Women commit one out of three domestic homicides. Uniform Crime Report, Bureau of Justice Statistics (1991). There are a number of studies that indicate, correctly or incorrectly, that women and men engage in violence in the home to a fairly equal degree. See, e.g., J. Frodi, J. McCaulay & P. R. Thome, Are Women Always Less Aggressive than Men? A Review of the Experimental Literature, Psychology Bulletin 634-660 (No. 4, 1977). Of every 100 families, 3.8 experience severe husband-to-wife violence, but even more, 4.5, experience severe wife-to-husband violence. M. A. Straus, R. J. Gelles, Suzanne K. Steinmetz, Behind Closed Doors: Violence in the American Family (1980). The number of violent acts by wives against husbands exceeds the number of violent acts by husbands against wives by 14 percent. M. A. Straus, Wife Beating: How Common and Why?, Victimology 443-58 (No. 2, 1977-1978). The rate of violence by husbands against wives is decreasing; while the rate of violence by wives against husbands is increasing. M. A. Straus & R. J. Gelles, Societal Change and Change in Family Violence From 1975 to 1985 as Revealed by Two National Surveys, Journal of Marriage and the Family (No. 48, 1986). These are some samples of the data on this subject.
Suzanne K. Steinmetz, Ph.D., professor of family studies at the University of Delaware, has written extensively on the subject, and she addresses the question as to why all of the attention is given to violence by men against women and virtually no attention to violence by women against men. Dr. Steinmetz puts it this way:
If violence against men is recognized in history, recognized by law, recognized by the comic strips, why has there been almost no attention given to this problem? There are several reasons. First . . . case material has been lacking for abused males. Second, selective inattention, both by the media and by the researchers has been an influence. ... It is not likely that feminist researchers and counselors will publicly acknowledge that males might also be victims.
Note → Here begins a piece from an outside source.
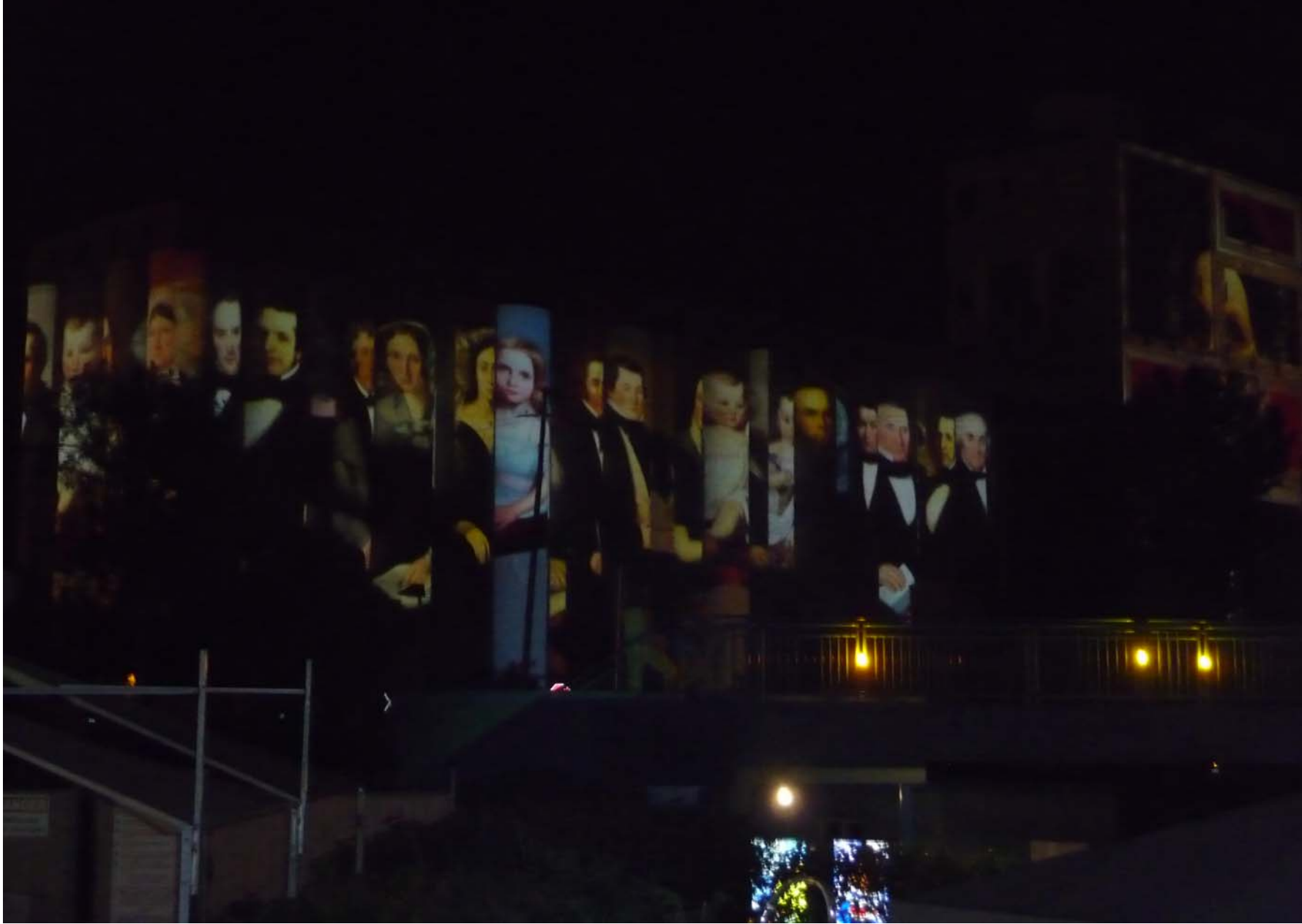
Famous people in Quebec's 400 year old history.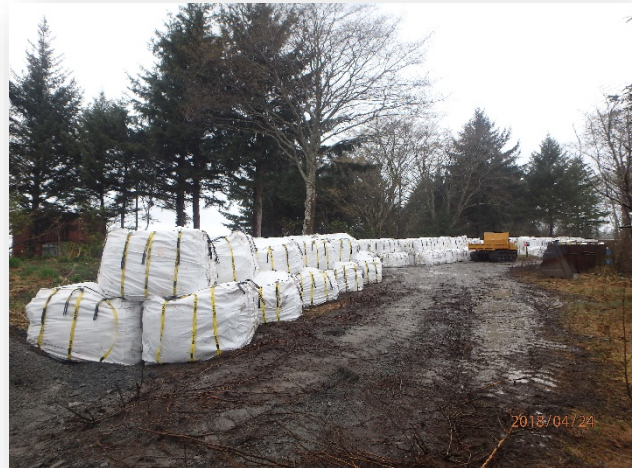
Photo 5: Fort Rousseau FUDS. Bulk bags staged on Virublennoi Island prior to loading on the barge for transport to Seattle. (2018, A. Shewman)

Straus, Gelles, Steinmetz, supra.

Those who might be inclined to believe Ms. Earl’s testimony that the victim “lunged” at her outstretched knife-bearing hand and that he “ran into” the knife might also believe that he was committing suicide or, possibly, that he was trying to disarm her. Under either version there is no suggestion that the stabbing was anything other than an accidental misadventure. There is nothing here to suggest self-defense because Ms. Earl was not in fear, and nothing that the victim did was perceived by her as a threat of harm.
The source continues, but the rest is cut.